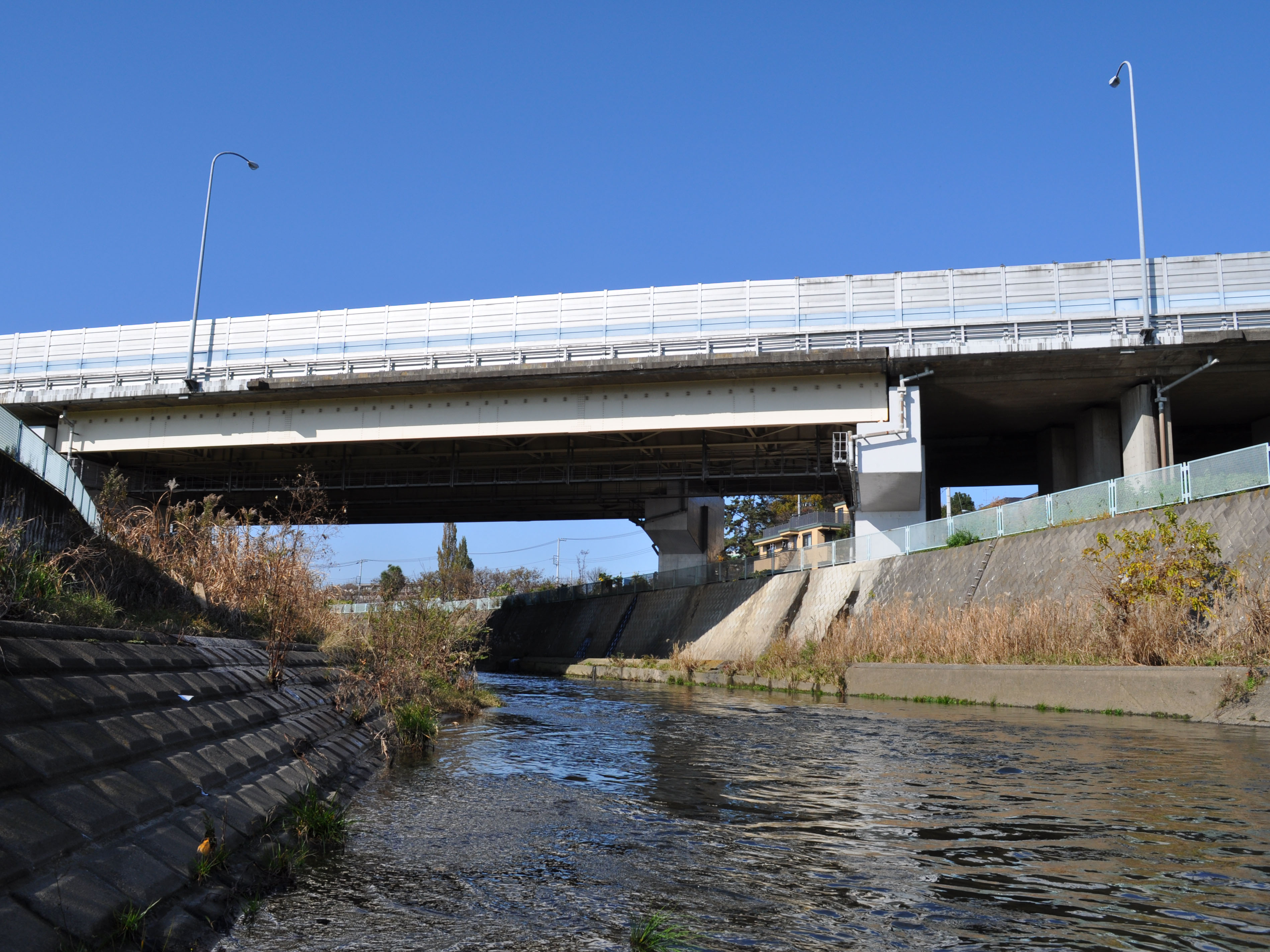 Onda River passing under Tomei Expressway in Aoba-ku, Yokohama, Japan.
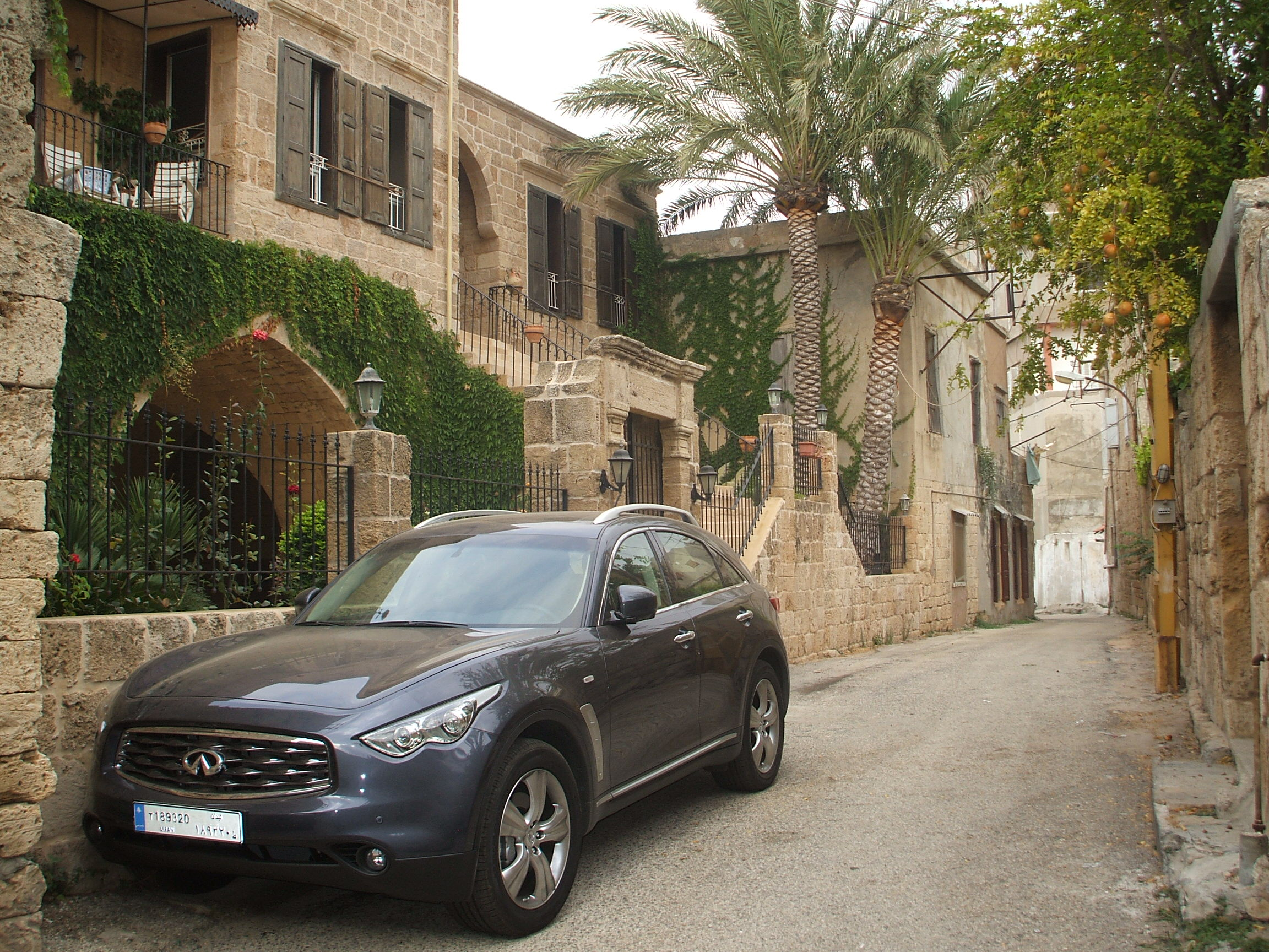 Street in Batroun's vieux quartier
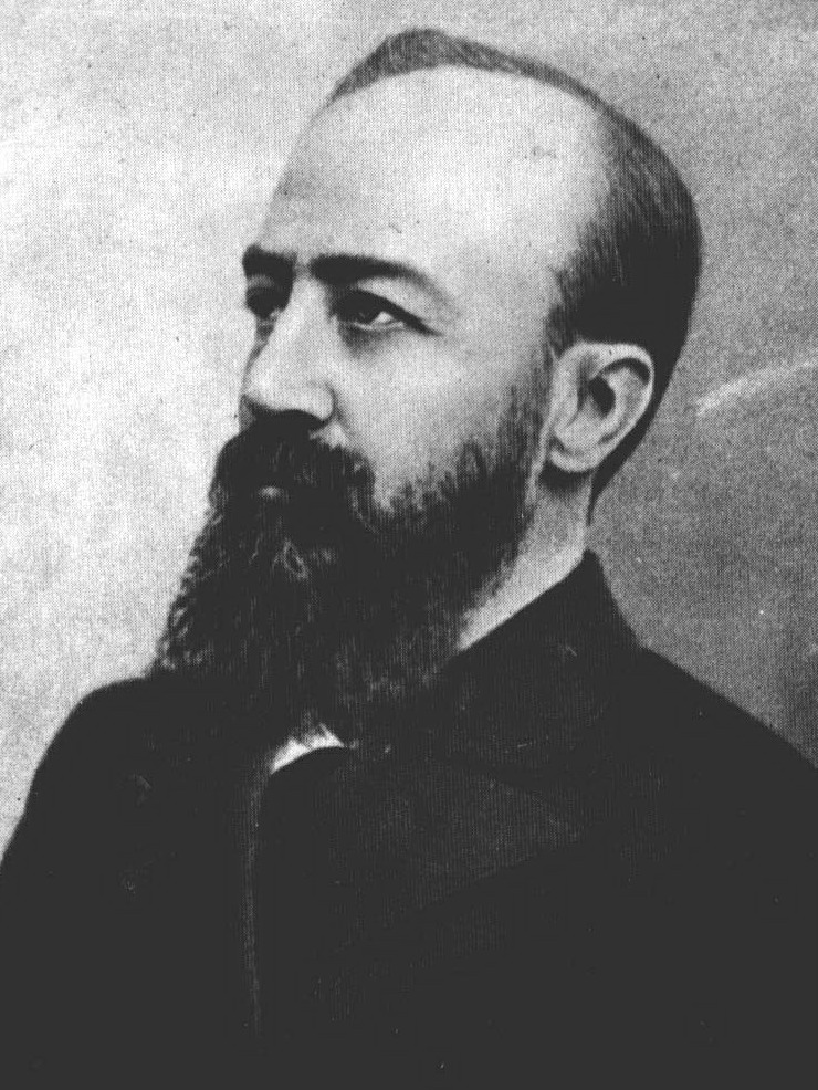 Krasnov, Andrej Nikovaevich (1862-1914), Russian botanist

#### REQUIRED WORK:
The answer must be the full listing, restated word for word, with no pictures in it.

#### ANSWER SPACE:
 Onda River passing under Tomei Expressway in Aoba-ku, Yokohama, Japan.
 Street in Batroun's vieux quartier
 Krasnov, Andrej Nikovaevich (1862-1914), Russian botanist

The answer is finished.